The crown adjustment mechanism on all Sendzimir large cluster mills since 1957 has been effected via an eccentric ring mounted in each respective support saddle in the uppermost two backing shafts. The eccentric ring has two gear pinions mounted to it, one on each side, and attached to the ring by rivets. A rack engages with the gear pinions and causes rotation of the eccentric ring as it is traversed. An independent drive is supplied for each rack, so that the position of the backing shaft can be adjusted at each saddle location. A typical construction of the adjustment mechanism of rack, pinions and eccentric rings is shown in FIG. 9 of U.S. Pat. No. 3,147,648. It is also shown in FIGS. 3-6 of U.S. Pat. No. 4,289,013.
The method of driving the adjustment mechanism at each saddle is a matter of design choice In most cases it has been done by a screw jack driven by a hydraulic motor (type 1); in some cases by a screw jack driven by an electric motor (type 2); and in some cases by a hydraulic cylinder (type 3). U.S. Pat. No. 3,478,559 disclosed the use of hydraulic cylinders for crown adjustment in 1969.
During the years since 1957 various methods of indicating the position of the adjustment mechanisms have been used. The earliest systems used simple mechanical pointers directly mounted on the drive mechanism on top of the mill, which were difficult to read. Subsequently, beginning in the 1960's, selsyn indicators with circular dials were used, but did not give the operator a graphic "picture" of the profile set by the various drives Starting in the late 1960's efforts were made to give the operator a better "picture" by arranging the indicators vertically side by side so that relative positions of the adjustment mechanisms, and hence the shape of the mill profile could be seen at a glance. The earliest systems of this kind, mostly installed in Japan, used a system of pulleys and cables so that the movement of a particular crown adjustment rack was directly coupled to the corresponding pointer on the scale, producing proportional concomitant movements of the pointer.
Beginning in the early 1970's, position transducers, such as potentiometers or differential transformers (LVDT's or RVDT's), were used to sense rack position, and were electrically connected to edge type moving coil meters mounted vertically side by side in the operator's desk, as remote readouts of rack position. By the mid 1970's, linear bar graph indicators, consisting of rows of light emitting diode elements, such as those made by Dixson, Inc., of Grand Junction, Colo., became available, and were used in place of the moving coil meters. Such position indication systems are quite common today.

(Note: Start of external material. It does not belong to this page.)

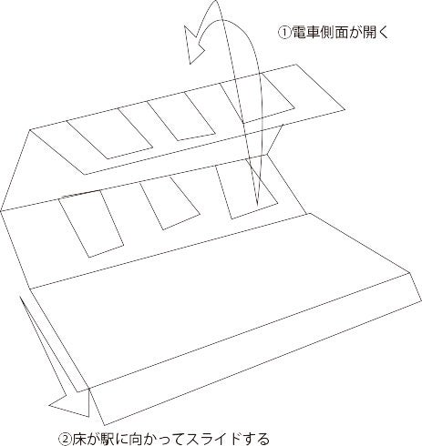 (3)では渡辺の最適解としまして、車両の片側が開き、床がスライドして駅に直結するというのはいかがでしょうか。

U.S. Pat. No. 4,022,040, which is incorporated herein by reference, teaches how to couple all the crown adjustment drives (type 1 or type 2) together mechanically, using a system of gears and differentials, to achieve the ability to operate all drives together in a synchronized mode, while retaining the ability to operate them individually. The relationship between motions of the various drives is determined by the gear ratios, and can be either set to give "taper" (also known as "tilt") adjustment, or to give "crown" adjustment in response to a single pushbutton command by the operator (but not both).

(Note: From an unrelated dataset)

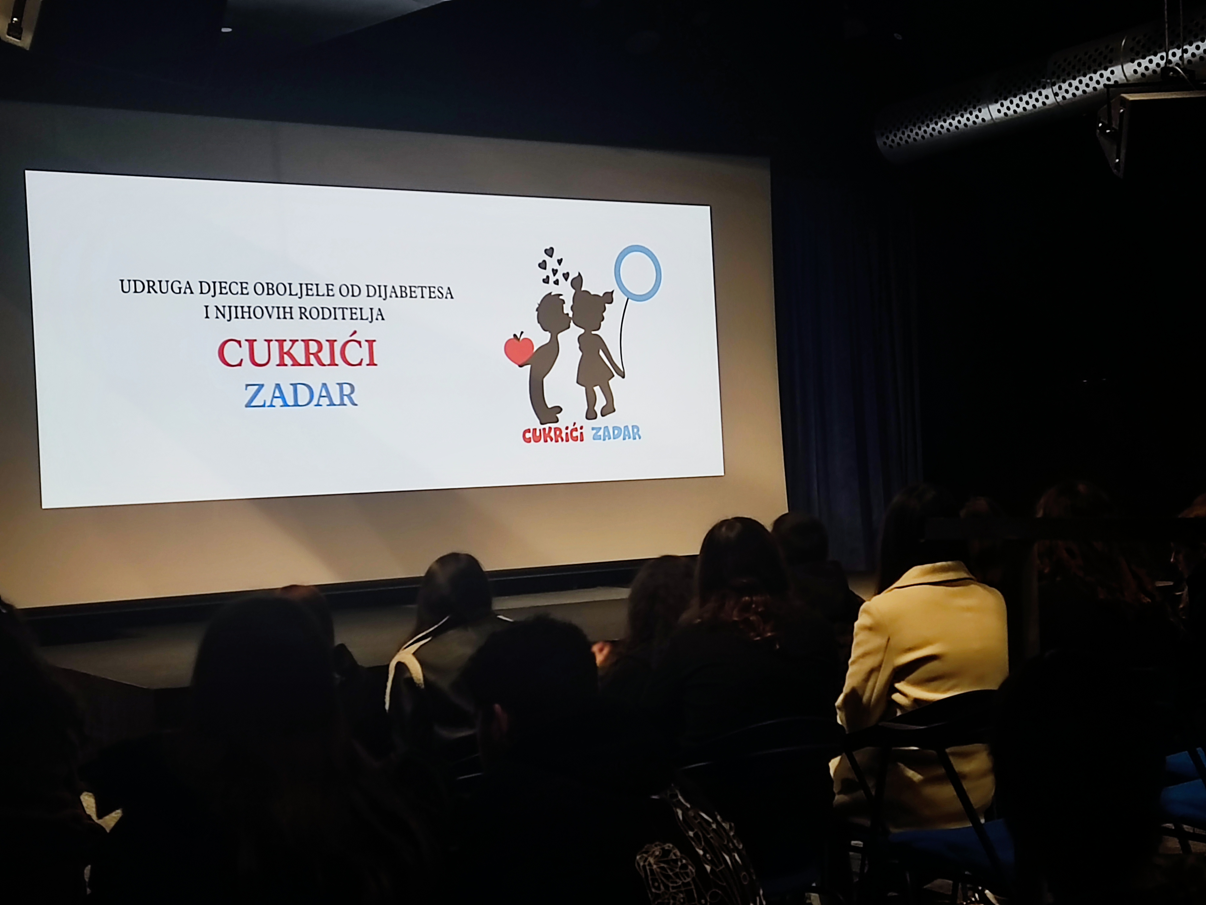 “Draga djeco, dragi odgojno obrazovni djelatnici danas vam donosimo priču o jednom posebnom filmu i još posebnijem dječaku. Film “Sigurno u dugi” prati život dječaka koji u svojoj drugoj godini saznaje da ima dijabetes. Zamislite dok su druga djeca bezbrižno uživala u igri, ovaj dječak, naučio je što znači imati bolest koja od njega traži puno hrabrosti, pažnje i brige. Njegova priča nije samo priča o izazovima, već i o snazi obitelji, prijatelja i svih ljudi koji su mu pružili ruku podrške.” – kazala je u emotivnom obraćanju, Doris Bajlo, predsjednica udruge “Cukrići” te dodala – “danas smo ovdje zahvaljujući Volonterskom centru Zadar te nevjerojatnim mladim volonterima uključenih u Mrežu školskih volonterskih klubova u svojim osnovnim i srednjim školama diljem županije. Vaša je pomoć i podrška neizmjerno važna. Kao Udruga Cukrići Zadar, želimo vam reći koliko smo ponosni na vas i koliko smo zahvalni. Vi ste dokaz da zajedništvo i mali koraci mogu učiniti čuda, Zato, kada se sjetite ovog filma, sjetite se i poruke koju nosi: uvijek pružite ruku onome kome je potrebna. Ponekad je upravo ta ruka most prema sigurnoj luci – dugi. Hvala vam od srca što ste pokazali kako dobrota nema granica. Vi ste naša inspiracija i nada za bolje sutra!.

U.S. Pat. No. 4,156,359 teaches how "tilt" and "crown" adjustment of the drives in response to a single push button command could both be achieved, but without the ability to operate the drives individually. The crown adjustment is controlled by the rotation of a shaft having eccentric cams, carried by a frame pivotably mounted above the roll. Tilting of the frame produces a concurrent tilt of the crown shape.
Thus, there is a need in the art for a mill control system which allows both the crown and tilt to be adjusted, while retaining the ability to adjust the saddles individually. Individual saddle adjustment which allows the position at each saddle to be varied in order to accommodate tolerances or other deviations is also needed. Such a mill control system should preferably be responsive to single key stroke or push button commands in order to allow easy operation.